Cairo: Health Ministers Face a Region in Peril
Today, Wednesday, health ministers from across the Middle East and North Africa convened in Cairo for the seventy-second session of the World Health Organisation’s Regional Committee for the Eastern Mediterranean (RC72). The annual gathering opens under the shadow of overlapping emergencies, conflict, economic distress, climate shocks, and dwindling aid, which are testing the limits of already-strained health systems.
This year’s agenda is crowded with pressing issues. Delegates are expected to endorse new commitments to halve the number of “zero-dose” children, those who have never received a single vaccine, by the end of the decade, and to accelerate efforts to eliminate rubella. Another initiative calls for palliative care to be woven into national health plans; today, only a small fraction of patients in need, from cancer sufferers to refugees with chronic illnesses, have access to such support.
A separate resolution targets health-system recovery in countries shattered by war, among them Yemen, Sudan, Afghanistan, and the occupied Palestinian territory. The plan seeks to pair emergency aid with early investment in hospitals, clinics, and disease surveillance, so that humanitarian relief can evolve into sustainable reform.
Delegates will also address the neglected but vital issue of laboratory safety, proposing stronger oversight and protection for health workers.
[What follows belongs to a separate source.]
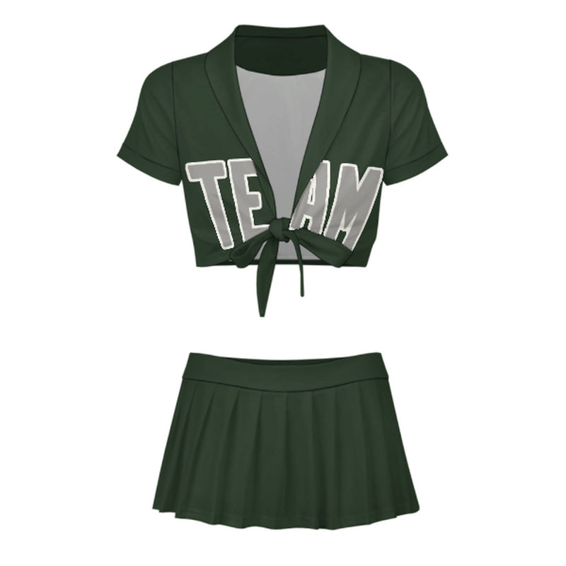 Maßgeschneidertes Tannengrün Grau Cheerleader Outfit Set

Alongside these debates runs a regional consultation on how to make health systems more resilient to climate change, an urgent matter as rising temperatures, dust storms, and water shortages reshape public-health risks.
The scale of the challenge is daunting. With 16 simultaneous emergencies and more than 115 million people in need of care, the Eastern Mediterranean bears nearly a third of the world’s humanitarian burden.
The hope is that, before the meeting closes on October 17th, those virtues will be channelled into a coherent strategy to rebuild health, and confidence, in a region too long defined by crisis.